Буддист загадочно улыбнулся.
– Ляжка была моей женой в прошлой жизни, – ответил он, ничуть не смущаясь.
Я усмехнулась.
– Скучные у тебя жизни, если ты их проживаешь с одними и теми же людьми, – ответила я.
Меня его вера в сказки всегда забавляла, он – мастер их сочинять.
– Мы встречаем людей из прошлых жизней для того, чтобы отработать урок, который мы не отработали с ними в прошлый раз, – невозмутимо говорил он.
– И какой же урок ты не отработал с Ляжкой? Миссионерский?

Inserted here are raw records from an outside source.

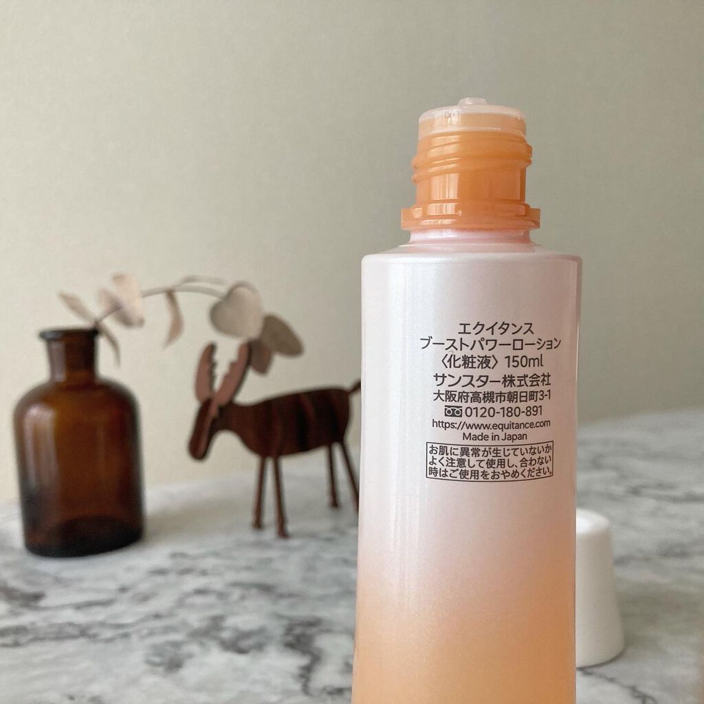 *サビついた肌を磨く美しさの連鎖を生み出す化粧液。健やかな美の土台を築くファーストステップ。・・エクイタンスブーストパワーローション・・とろりとしたローション。年齢肌にしっかりとお肌にローションが届くような感じ。しっとりなのにさっぱりした感じ...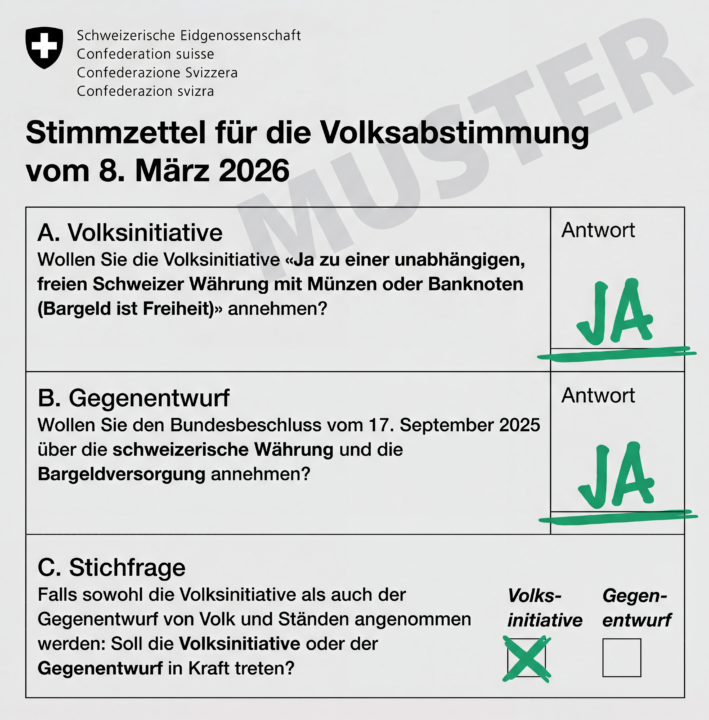 Die eidgenössische Volksinitiative «Bargeld ist Freiheit», über welche wir am 8. März 2026 an der Urne abstimmen können, ergänzt Art. 99 unserer Bundesverfassung (BV) so, dass der Bund verpflichtet wird, Münzen und Banknoten jederzeit und in ausreichender Menge bereitzustellen.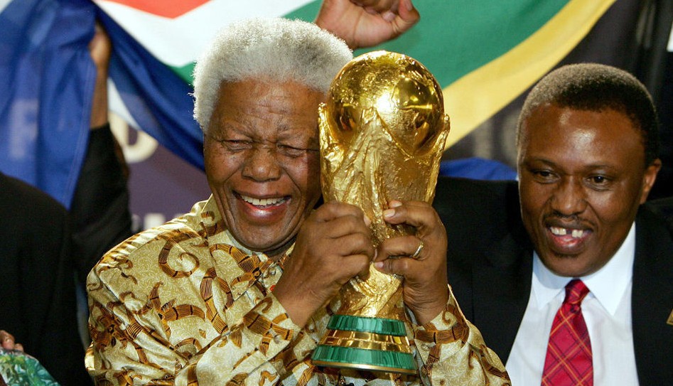 2004年5月16日,南非獲得2010年世界杯主辦權。時年85歲的曼德拉在眾人簇擁之下走上前臺,將大力神杯緊緊摟在懷里。據媒體分析,南非在最后時刻脫穎而出,很大程度上正是因為曼德拉以濃厚的感情打動了所有人的心,“當我被關在羅本島上的時候,我唯一接觸世界杯的方式就是收聽廣播,這也是我唯一的樂趣!甭吕眠@樣的話語詮釋了南非舉辦世界杯的決心,也最終讓世界杯第一次落戶非洲大陸。圖為當國際足聯宣布南非獲得世界杯主辦權時,曼德拉喜極而泣,將大力神杯緊緊摟在懷里。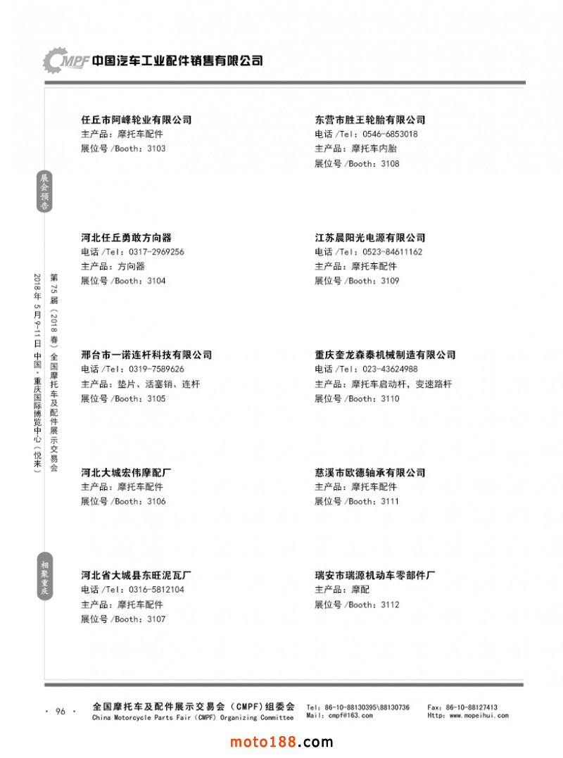 內(nèi)96 第74屆(2017秋)全國(guó)摩托車(chē)及配件展示交易會(huì)-廣州站參展企業(yè)名錄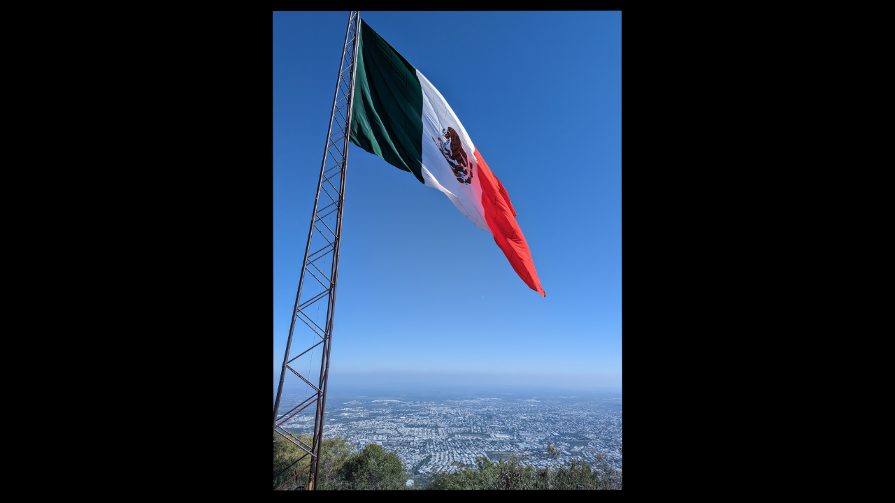 This Mexican flag is located at the top of a hill outside of Ciudad Victoria, Tamaulipas. — Andrea De Avila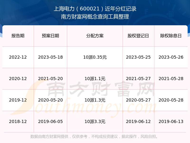 上海電力最新一次公布的分紅方案為10派0.35元。本次權(quán)益分派股權(quán)登記日為2023年5月25日,除權(quán)除息日為2023年5月26日,派息日為2023年5月26日。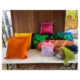 Lot #226 - Colorful Cushion and Pillow Lot - Decorative Sequin, Fun Food Shapes, and Cozy Textures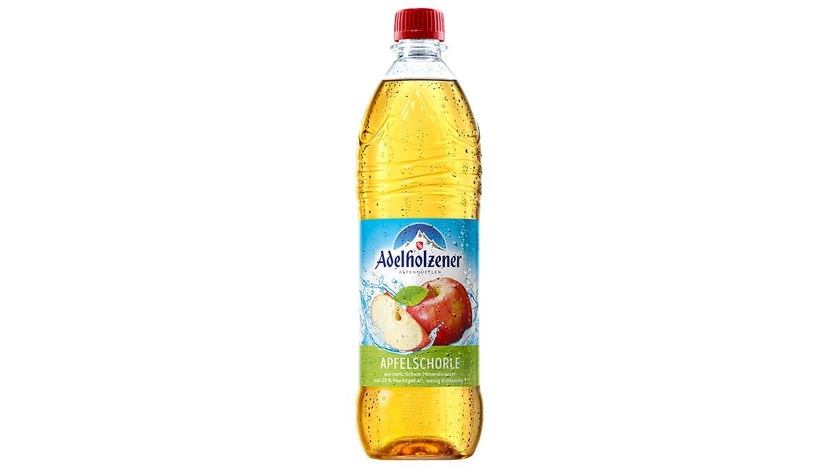 Apfelsaftschorle, Mischung aus Apfelsaft und natürlichem Mineralwasser, ohne Zuckerzusatz, mit Kohlensäure

Я даже поиграла бровями, подчеркивая свое пошлое остроумие. Вот интересно, я с детства им болела или Фунчоза заразил?
– Я еще не понял до конца, но мне кажется, я не ценил ее.
Буддист даже не заметил мою шутку, ну а я потеряла интерес к его потусторонним путешествиям.
– Я пользовался ею, не давая ничего взамен, считал ее чем-то само собой разумеющимся. Знал, что она любит меня, что ей не хватит духу оставить меня, получал некоторое удовольствие от того, что владею ее жизнью. Я был тираном в семье, относился к ней, как к рабыне моих желаний. Лишь я должен был быть в центре семейного внимания, мне была невыносима мысль о том, что я незначителен.
– Какой тонкий самоанализ. И откуда ты только такое берешь? – пробубнила я себе под нос, продолжая крутить балисонг.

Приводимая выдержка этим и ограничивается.